We should tag all of the sims with the ions they contain, as well as add categories for resolution information and for whether or not water is explicitly contained in the file.

In [41]:
b = mds.discover(simdir)

In [43]:
len(b[b.tags['Li']])

63

In [37]:
# label sims
pdbionsurvey.analysis.sim_labeling(sims, ionname='Li')

### Collecting Sims

Using mdsynthesis, we can create a bundle of all of the sims in simdir. We already have this bundle in `sims`, but we might want to do this if we have other sims in our sim directory, or if we want to grab them later from another notebook.

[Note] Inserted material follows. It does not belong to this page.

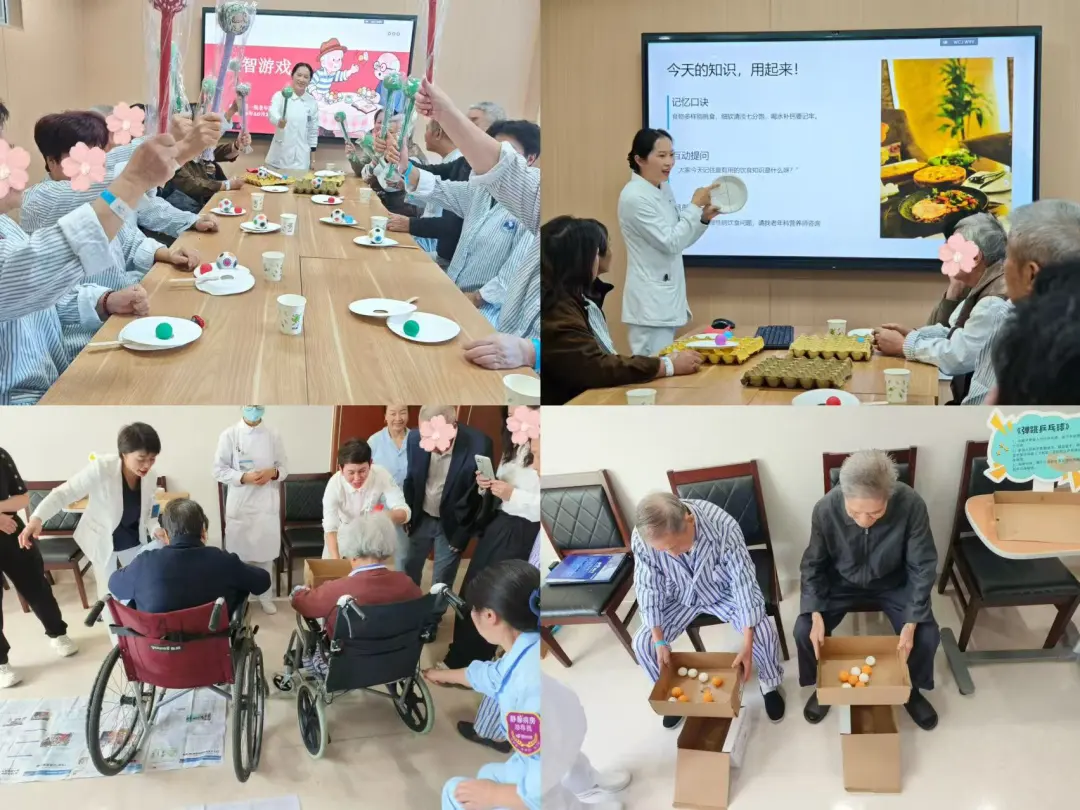 在团体活动环节,两院区各具特色。公园路院区开展形状配对、数字排序等益智活动,医护人员耐心引导,在轻松互动中锻炼长者认知能力;南白象院区则组织叠杯子、趣味保龄球等康复游园活动,护理团队全程陪伴,根据每位长者的身体状况个性化调整活动难度,让长者在安全愉悦的氛围中提升协调与平衡能力。活动现场,医护人员时刻关注长者情绪变化,及时给予鼓励与肯定,让许多原本拘谨的长者逐渐展开笑颜,积极参与其中。

We can then sort these sims using their new tags and categories.

In [None]:
# create a Bundle of sims in simdir
b = mds.discover(simdir)

### Radial Distribution: g(r)

A g(r) is a function relating the distance away from something to the density of something around it. In this case, a g(r) is the relationship between the distance away from a Li+ ion and the density of oxygen atoms. Each point on the graph that we are making can be visualized as a sphere around the ion with the density of oxygens corresponding to the height of the point.

In [None]:
m, denses = pdbionsurvey.coordination.gee(b, 'LI')

In [None]:
fig = plt.figure(figsize=(4,3))
ax = fig.add_subplot(1,1,1)
ax.set_xlabel('Distance ($\AA$)')
ax.set_ylabel('Oxygen Density')
ax.set_xlim((1,6))
ax.plot(m, denses)

### Finding Peaks

It may also be useful to find where these solvation shells are exactly. By finding the peaks and troughs of a radial density distribution function, we can see in what bands most of the oxygen atoms lie. The troughs, where relatively few oxygen atoms are, can therefore be used as one boundary of a solvation shell.

In [None]:
# get peak information
m, dense, peaks, mins = pdbionsurvey.analysis.get_peaks(b, 'Li', mindist=.2)

In [None]:
fig = plt.figure(figsize=(4,3))
ax = fig.add_subplot(1,1,1)
ax.set_xlim((1, 6))
ax.set_xlabel('Distance ($\AA$)')
ax.set_ylabel('Oxygen Density')
ax.plot(m, dense)
ax.plot(m[peaks], dense[peaks], 'o')
ax.plot(m[mins], dense[mins], 'o')

### Closest Oxygen Distances

It is useful in some applications to know the average distance of the n$^\text{th}$ closest oxygen atom to the ion, particularly for those n's that correspond to the oxygen atoms in the first solvation shell.

Here we'll look at the closest six oxygen atoms to all of the Li+ ions in our sample.

In [None]:
# get closest oxygen information
oxys = pdbionsurvey.analysis.closest_oxy_distance(b, ['Li'], [2.5])

In [None]:
oxys[0].head()

In [None]:
len(oxys[0])

In [None]:
ax = pdbionsurvey.analysis.graph_closest_oxy_distances(oxys[0], axlim=(1, 6))

# Conclusion

We can see here that some of the plots that we generated are rather choppy. This is most likely because of the relative lack of data for Li+. It is important to note that the emphasis here should not be on the science but on the computation and using the library, so we won't discuss the analysis of our results with too much depth. It is important to know that the library is structured in such a way that it has a lot of dependency on packages like `MDAnalysis`, `mdsynthesis`, and `peakutils`, and it makes a lot of assumptions about the structure of the Sims it uses, but once these other packages are installed, `pdbionsurvey`  makes it easy to make Sims in the way that it wants.